(About this exercise): Everything in the listing below from the line containing "Дълго дамско памучно" through the line containing "par mes soins." must be repeated exactly; the remaining lines are not wanted.

(Extracted information):
<<<<
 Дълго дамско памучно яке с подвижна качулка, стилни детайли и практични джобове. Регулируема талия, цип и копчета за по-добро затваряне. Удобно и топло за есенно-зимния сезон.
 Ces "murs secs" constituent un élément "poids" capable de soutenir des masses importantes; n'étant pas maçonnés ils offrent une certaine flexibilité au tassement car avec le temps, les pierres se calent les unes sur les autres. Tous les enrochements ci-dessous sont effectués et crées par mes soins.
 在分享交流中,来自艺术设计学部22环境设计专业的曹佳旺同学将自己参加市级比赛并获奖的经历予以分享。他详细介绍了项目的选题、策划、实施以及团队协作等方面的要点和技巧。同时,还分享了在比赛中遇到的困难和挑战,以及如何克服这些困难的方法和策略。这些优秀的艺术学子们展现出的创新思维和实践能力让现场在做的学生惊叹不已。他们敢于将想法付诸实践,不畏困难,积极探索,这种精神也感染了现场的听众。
>>>>
<<<<
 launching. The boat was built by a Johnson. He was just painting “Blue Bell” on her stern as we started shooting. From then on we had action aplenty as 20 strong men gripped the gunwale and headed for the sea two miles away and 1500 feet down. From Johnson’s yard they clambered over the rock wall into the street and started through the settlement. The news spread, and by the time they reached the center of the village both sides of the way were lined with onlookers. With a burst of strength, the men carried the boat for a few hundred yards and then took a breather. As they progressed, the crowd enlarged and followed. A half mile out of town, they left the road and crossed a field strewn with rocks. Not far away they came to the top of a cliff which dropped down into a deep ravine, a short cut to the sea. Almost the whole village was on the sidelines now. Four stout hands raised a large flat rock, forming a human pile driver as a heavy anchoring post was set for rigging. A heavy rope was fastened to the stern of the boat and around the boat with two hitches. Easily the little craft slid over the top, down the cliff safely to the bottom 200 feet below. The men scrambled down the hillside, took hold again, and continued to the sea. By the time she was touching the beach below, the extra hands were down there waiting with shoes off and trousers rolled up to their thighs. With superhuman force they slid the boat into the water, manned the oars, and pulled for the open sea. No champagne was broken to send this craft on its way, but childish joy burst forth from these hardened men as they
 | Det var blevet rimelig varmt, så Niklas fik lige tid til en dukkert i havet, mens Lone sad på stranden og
>>>>
(Result for this task):
 Дълго дамско памучно яке с подвижна качулка, стилни детайли и практични джобове. Регулируема талия, цип и копчета за по-добро затваряне. Удобно и топло за есенно-зимния сезон.
 Ces "murs secs" constituent un élément "poids" capable de soutenir des masses importantes; n'étant pas maçonnés ils offrent une certaine flexibilité au tassement car avec le temps, les pierres se calent les unes sur les autres. Tous les enrochements ci-dessous sont effectués et crées par mes soins.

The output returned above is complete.